» Task to complete: Using the data below, reproduce exactly the lines from the line with "Después de han" to the line with "Weather resistant and", both included; pictures must be dropped.

[Opening Source data section]

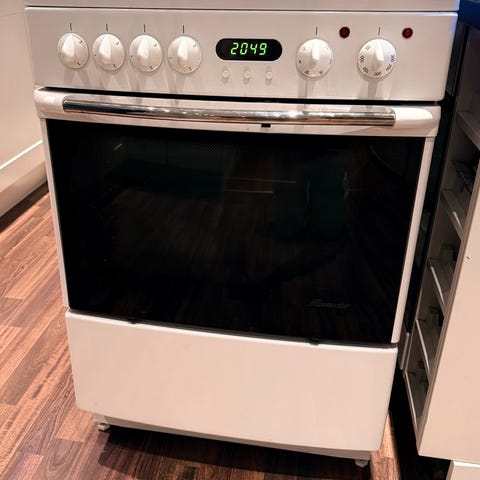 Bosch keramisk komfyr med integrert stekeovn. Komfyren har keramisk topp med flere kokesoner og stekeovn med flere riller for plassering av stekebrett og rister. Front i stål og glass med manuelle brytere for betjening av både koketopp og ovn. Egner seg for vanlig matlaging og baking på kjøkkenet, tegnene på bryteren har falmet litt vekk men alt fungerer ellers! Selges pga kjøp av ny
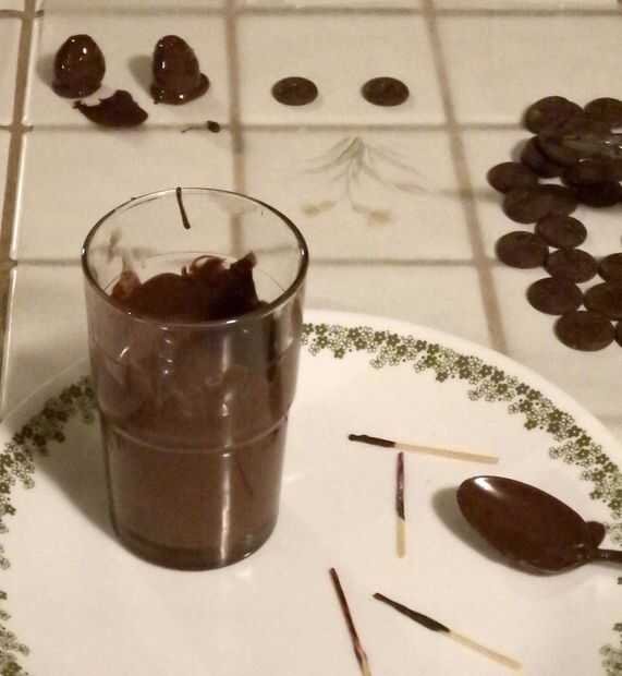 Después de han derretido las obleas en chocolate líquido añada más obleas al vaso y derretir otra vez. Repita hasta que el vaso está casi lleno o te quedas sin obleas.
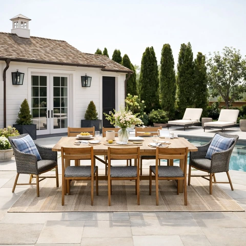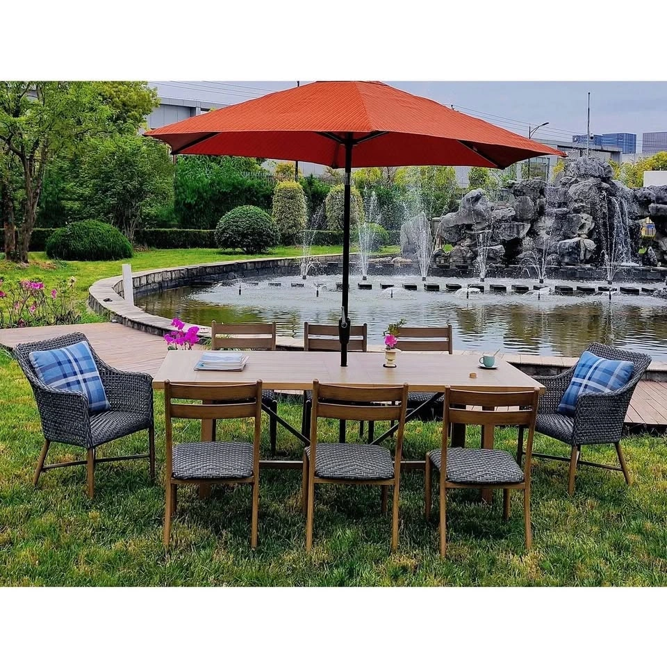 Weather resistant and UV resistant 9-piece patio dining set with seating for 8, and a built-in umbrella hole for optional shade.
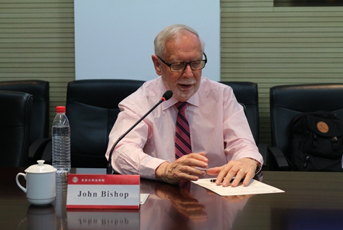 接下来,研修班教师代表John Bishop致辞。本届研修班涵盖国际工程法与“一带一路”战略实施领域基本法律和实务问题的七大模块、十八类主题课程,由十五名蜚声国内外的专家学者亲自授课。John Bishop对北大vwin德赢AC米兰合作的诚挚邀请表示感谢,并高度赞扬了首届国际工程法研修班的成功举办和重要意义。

[Closing Source data section]

» Answer below:
 Después de han derretido las obleas en chocolate líquido añada más obleas al vaso y derretir otra vez. Repita hasta que el vaso está casi lleno o te quedas sin obleas.
 Weather resistant and UV resistant 9-piece patio dining set with seating for 8, and a built-in umbrella hole for optional shade.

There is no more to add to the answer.